It's super easy to get lost in the world of big data technologies. There are so many of them that it seems a day never passes without the advent of a new one. Still, such fast development is only half the trouble. The real problem is that it's difficult to understand the functionality and the intended use of the existing technologies.
To find out what technology suits their needs, IT managers often contrast them. We've also conducted an academic study to make a clear distinction between Apache Hive and Apache HBase—two important technologies that are frequently used in Hadoop implementation projects.
Data model comparison
Apache Hive's data model
To understand Apache Hive's data model, you should get familiar with its three main components: a table, a partition, and a bucket.
Hive's table doesn't differ a lot from a relational database table (the main difference is that there are no relations between the tables). Hive's tables can be managed or external. To understand the difference between these two types, let's look at the load data and drop a table operations. When you load data into a managed table, you actually move the data from Hadoop Distributed File System's (HDFS) inner data structures into the Hive directory (which is also in HDFS). And when you drop such a table, you delete the data it contains from the directory. In the case of external tables, Hive doesn't load the data into the Hive directory but creates a "ghost-table" that indicates where actual data is physically stored in HDFS. So, when you drop an external table, the data is not affected.
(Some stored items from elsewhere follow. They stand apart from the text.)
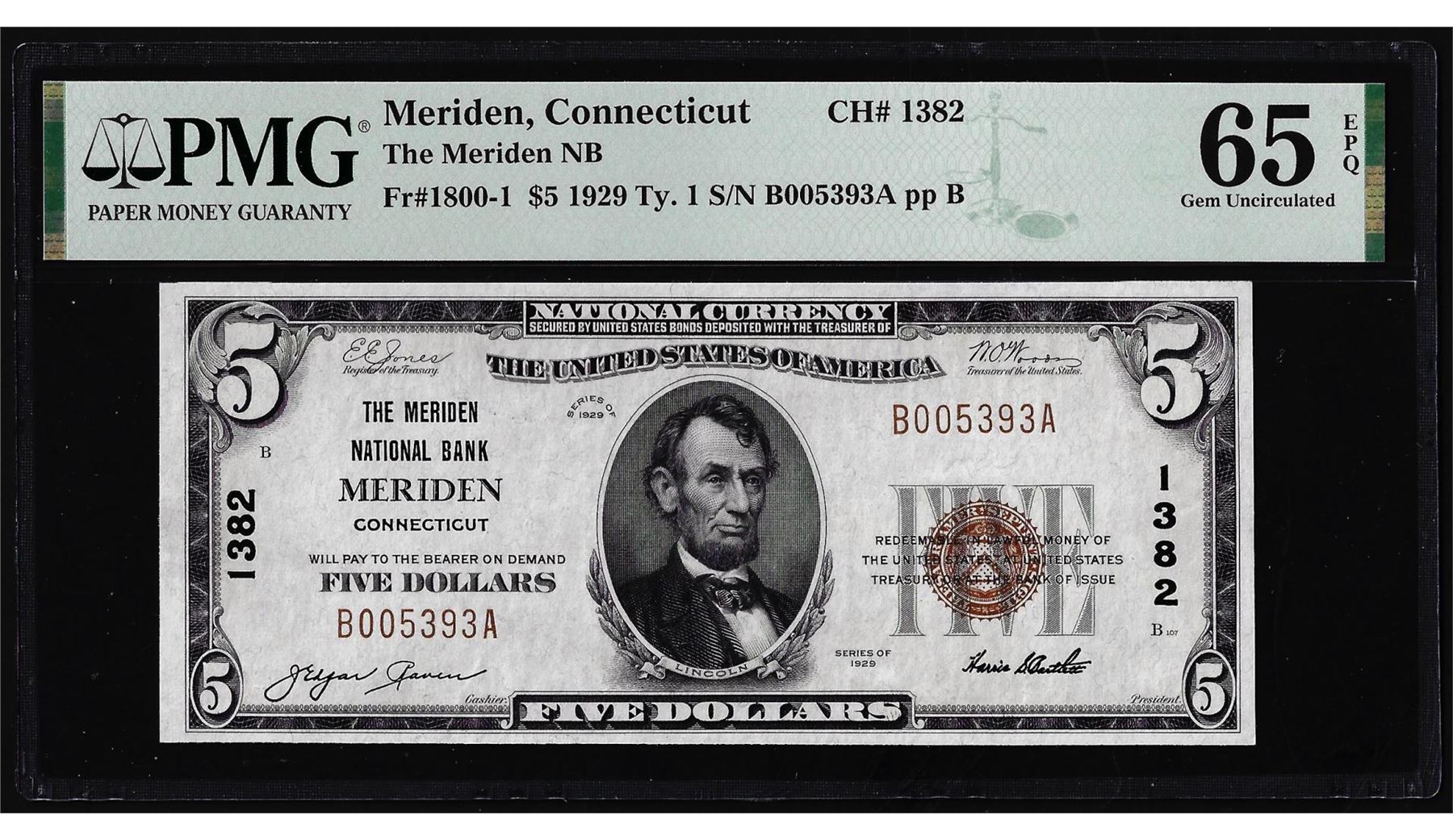 One 1929 $5 National Bank Meriden, CT CH# 1382 National Note PMG Gem Uncirculated 65EPQ. PMG Certified.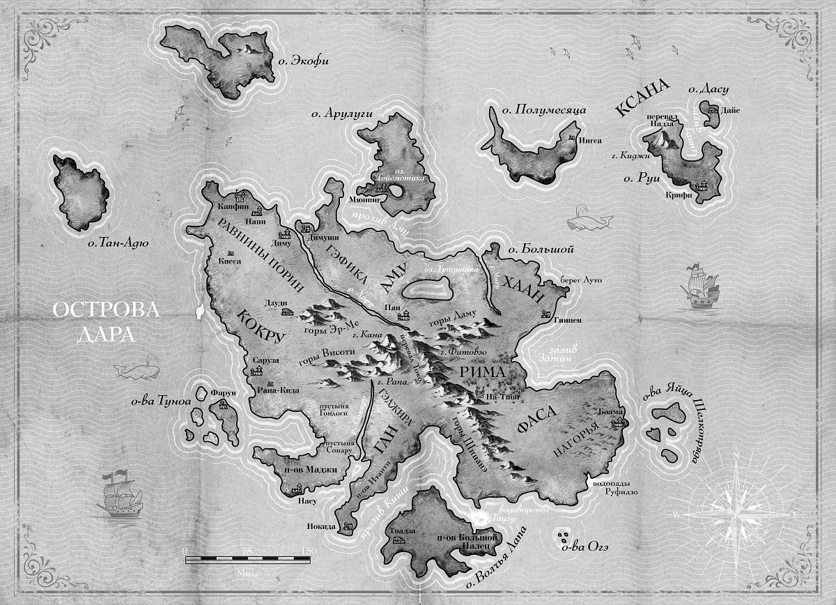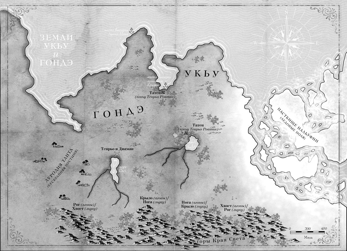 Передача имен собственных и прочих слов из языков льуку и агон является проблемой иного рода. Поскольку в этом романе мы впервые знакомимся с ними через языки народов Дара, они дважды подверглись преобразованию, что неизбежно привело к определенным потерям и искажениям. Точно так же носители английского языка, пытающиеся транслитерировать при помощи латиницы услышанные ими китайские слова, достигают лишь отдаленного сходства с оригинальными звуками.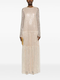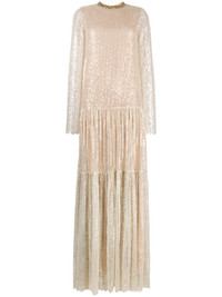 tiered sequinned gown Timelessly elegant, this gown exemplifies GIAMBATTISTA VALLI's opulent aesthetic. It's crafted in France with a delicate tiered skirt and is adorned with shimmering sequins that create a captivating interplay of lights. Highlights - Gold-tone - Semi-sheer overlay - Sequin design - Crew neck - Long sleeves - Concealed rear zip fastening - Tiered skirt - Long length Made in France Composition Viscose 50%, Nylon 30%, Acetate 20% SIZE & FIT Model measurements Height 5 ft 11 in(1.8 m) Bust/Chest 32.67 in(83 cm) Hips 36.22 in(92 cm) Waist 24.4 in(62 cm) FittingInformation Designed for a relaxed fit, this piece allows for comfort and movement when worn Made from a midweight non-stretch fabric This piece fits true to size – take your usual size Washing instructions Dry Clean Only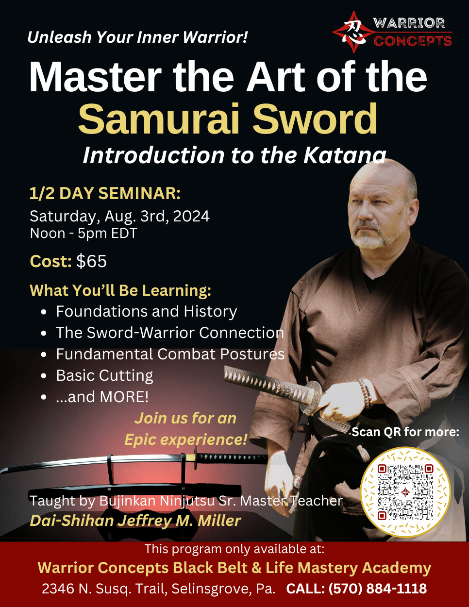 Time is running out to secure your spot for our Introduction to the Samurai Sword Seminar happening TODAY from Noon to 5pm eastern time!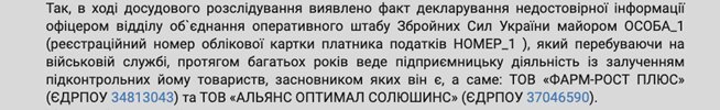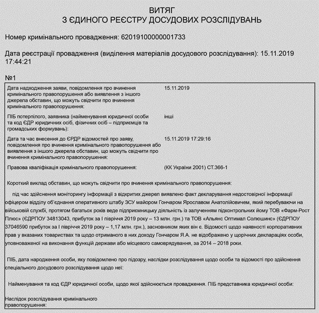У витязі з ЄРДР по кримінальному провадженні №62019100000001733 йдеться: “Під час здійснення моніторингу інформації з відкритих джерел виявлено факт декларування недостовірної інформації офіцером відділу об'єднання оперативного штабу ЗСУ майором Гончаром Ярославом Анатолійовичем, який перебуваючи на військовій службі, протягом багатьох років веде підприємницьку діяльність із залученням підконтрольних йому ТОВ «Фарм-Рост Плюс» (ЄДРПОУ 34813043, прибуток за І півріччя 2019 року – 13 млн. грн.) та ТОВ «Альянс Оптимал Солюшинс» (ЄДРПОУ 37046590 прибуток за І півріччя 2019 року – 1,17 млн. грн.), засновником яких він є. Відомості щодо наявності корпоративних прав у вказаних товариствах та щодо отриманого в них доходу Гончаром Я. А. не відображено у щорічних деклараціях...”.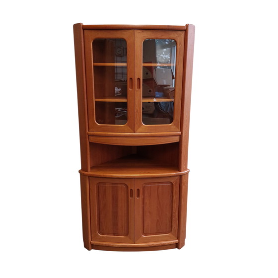 Splendido mobile angolare vintage danese, vetrina angolare con illuminazione. Realizzato in teak e impiallacciatura di teak di alta qualità. Il mobile è dotato anche di un cassetto "segreto". Il mobile è composto da due parti e misura 92 x 58 x 181 cm (L x P x A). È in buone condizioni vintage con lievi segni di usura. Si prega di vedere le foto, che fanno parte della descrizione.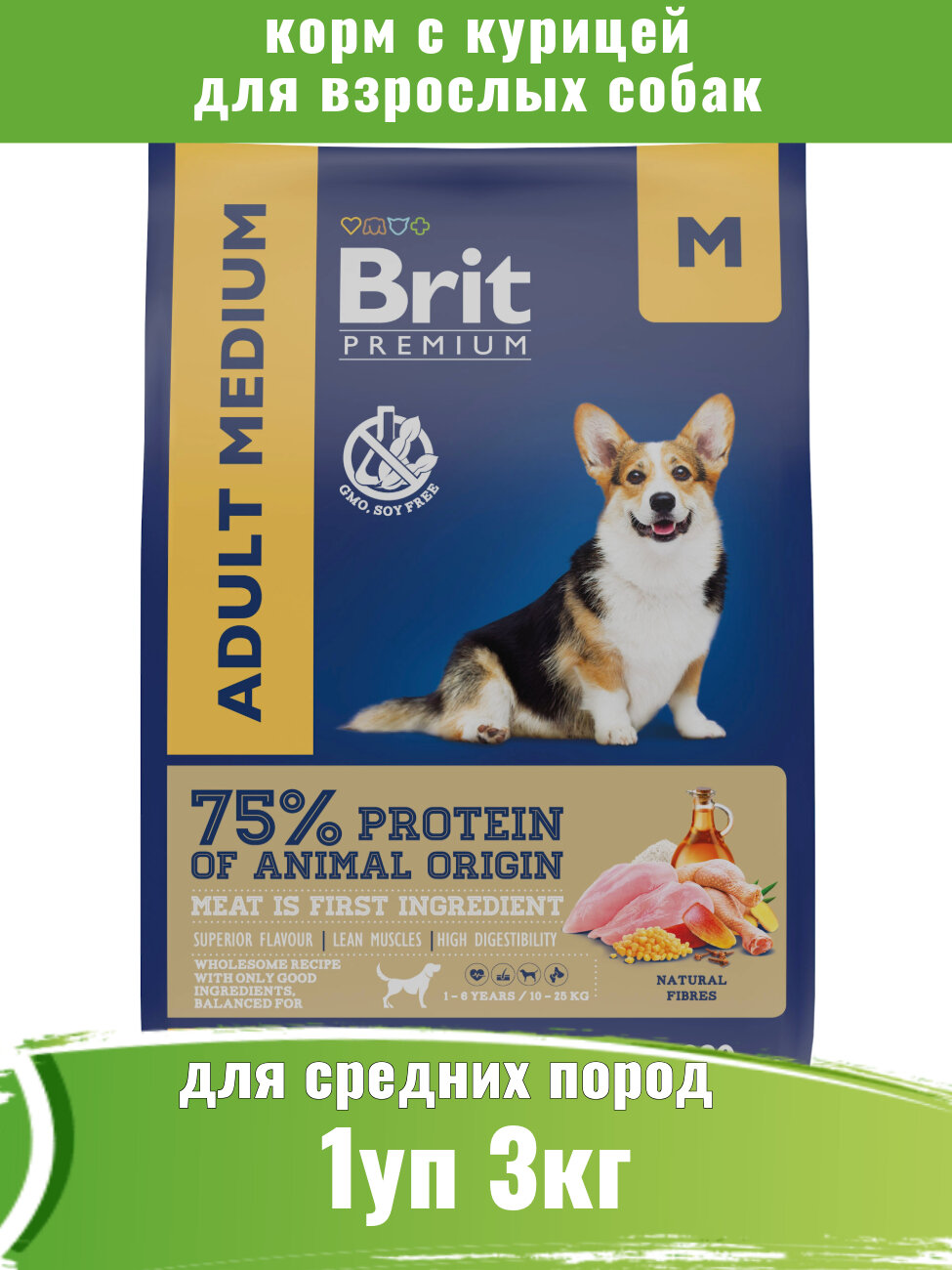 Brit Premium Dog Adult Medium корм сухой для взрослых собак с курицей 1шт - 3кг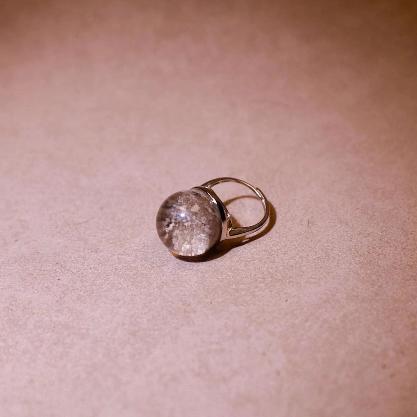 Picture a single drop of rain falling into a still lake, sending gentle ripples outward. This ring captures that moment of clarity. The misty inclusions within the quartz resemble swirling thoughts settling into insight. It invites you into your own "Halo of Stillness"β€”a space where intuition blooms and the mind finds rest.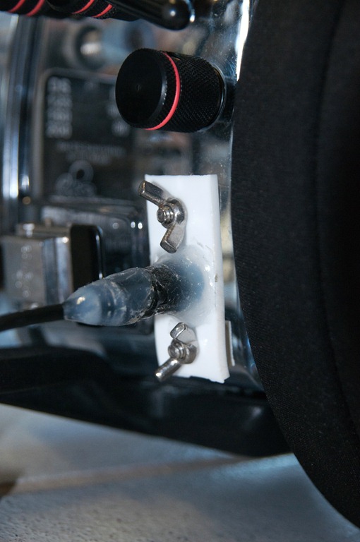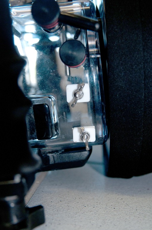 We initially tried Velcro to fix the mounting plate to the housing, but this proved unreliable. So we made a more solid fix using stainless steel bolts. These were set into two small Perspex tabs using Araldite. Then using the mounting plate as a guide we stuck these mounting bolts to the side of the camera housing with double sided tape. We then used the stainless steel wing nuts to mount the cable to the side of the camera housing. The mounting bolts aren’t in a position that causes any interference to normal operation so they stay on the housing when the remote is not in use.

Both managed and external tables can be further broken down to partitions. A partition represents the rows of the table grouped together based on a partition key. Each partition is stored as a separate folder in the Hive directory. For instance, the table below can be partitioned based on a country, and the rows for each country will be stored together. Of course, this example is simplified. In real life, you'll deal with more than three partitions and much more than four rows in each, and partitioning will help you significantly reduce your partition key query execution time.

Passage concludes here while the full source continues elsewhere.